It’s almost impossible to get through the winter without hearing about the flu. While we often use the word flu to describe any miserable feverish head cold, a cold (rhinovirus) is NOT the same as the flu (influenza). A head cold is 10 days of misery. Flu will disable you for weeks, if not outright kill you.
“Flu shots are a government conspiracy. I got the shot and still got the flu.”

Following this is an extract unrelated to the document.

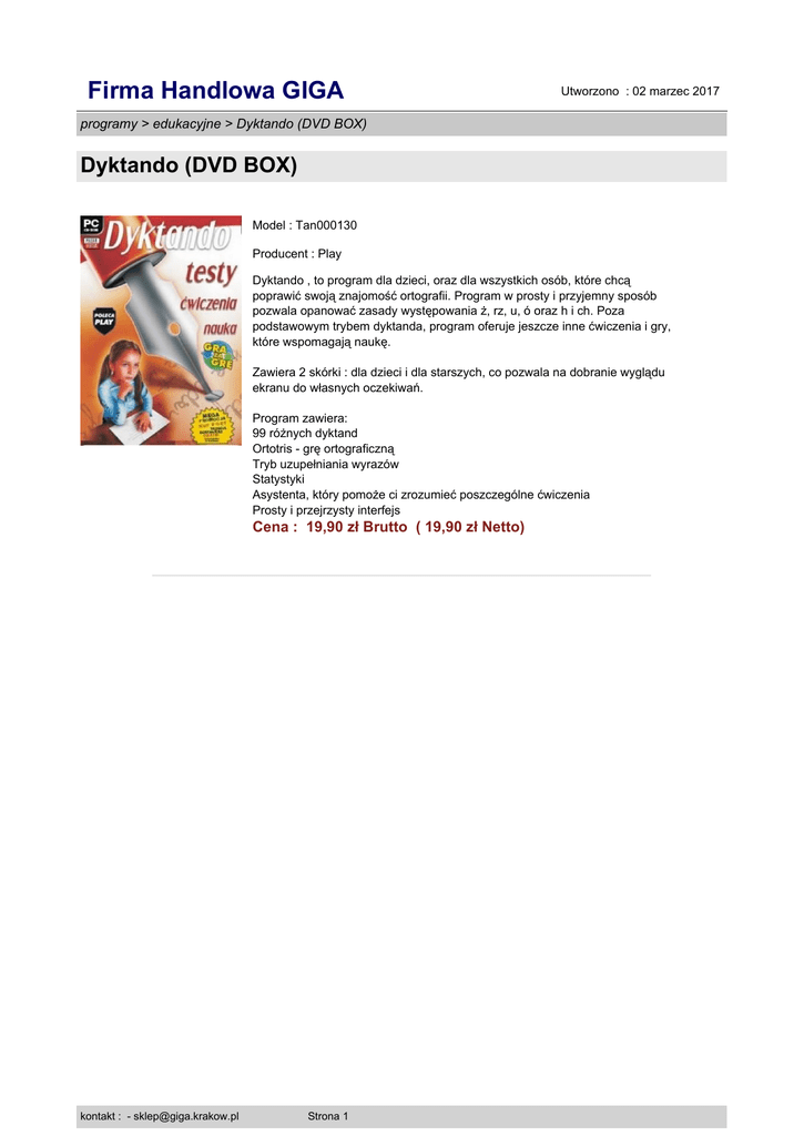 Firma Handlowa GIGA Utworzono : 02 marzec 2017 programy > edukacyjne > Dyktando (DVD BOX) Dyktando (DVD BOX) Model : Tan000130 Producent : Play Dyktando , to program dla dzieci, oraz dla wszystkich osób, które chcą poprawić swoją znajomość ortografii. Program w prosty i przyjemny sposób pozwala opanować zasady występowania ż, rz, u, ó oraz h i ch. Poza podstawowym trybem dyktanda, program oferuje jeszcze inne ćwiczenia i gry, które wspomagają naukę. Zawiera 2 skórki : dla dzieci i dla starszych, co pozwala na dobranie wyglądu ekranu do własnych oczekiwań. Program zawiera: 99 różnych dyktand Ortotris - grę ortograficzną Tryb uzupełniania wyrazów Statystyki Asystenta, który pomoże ci zrozumieć poszczególne ćwiczenia Prosty i przejrzysty interfejs Cena : 19,90 zł Brutto ( 19,90 zł Netto) kontakt : - [email protected] Strona 1

Preventing death and permanent disability is not a conspiracy. If you get the flu shot and then feel lousy, it’s probably not flu; it’s your body charging up its antibodies. If you get a flu shot and then get a cold, it’s not the flu. Recombinant flu vaccines don’t even contain flu. CAN you get the flu after getting a flu shot? Of course you can, the same way you seem to get the same cold every year. Here comes the science, y’all:
There are actually three flu viruses, A, B, and C. A is common, B less so, C mild and rare. Each type has two parts: the hemaglutinin protein (the H) and an enzyme to let it reproduce (the N, for neuraminidase). There are 18 types of H’s and 11 types of N’s – thousands of combinations of H1N1’s, H2N3’s, H6N4’s. If your shot is for N1H1, and you catch H2N3 – you’ve got flu. Better flu shots (called trivalent or quadravalent) will give you immunity to the top three or four likely flus, quadrupling your chances of staying healthy. Even if you do manage to get a flu, your partial immunity will give you a much milder case.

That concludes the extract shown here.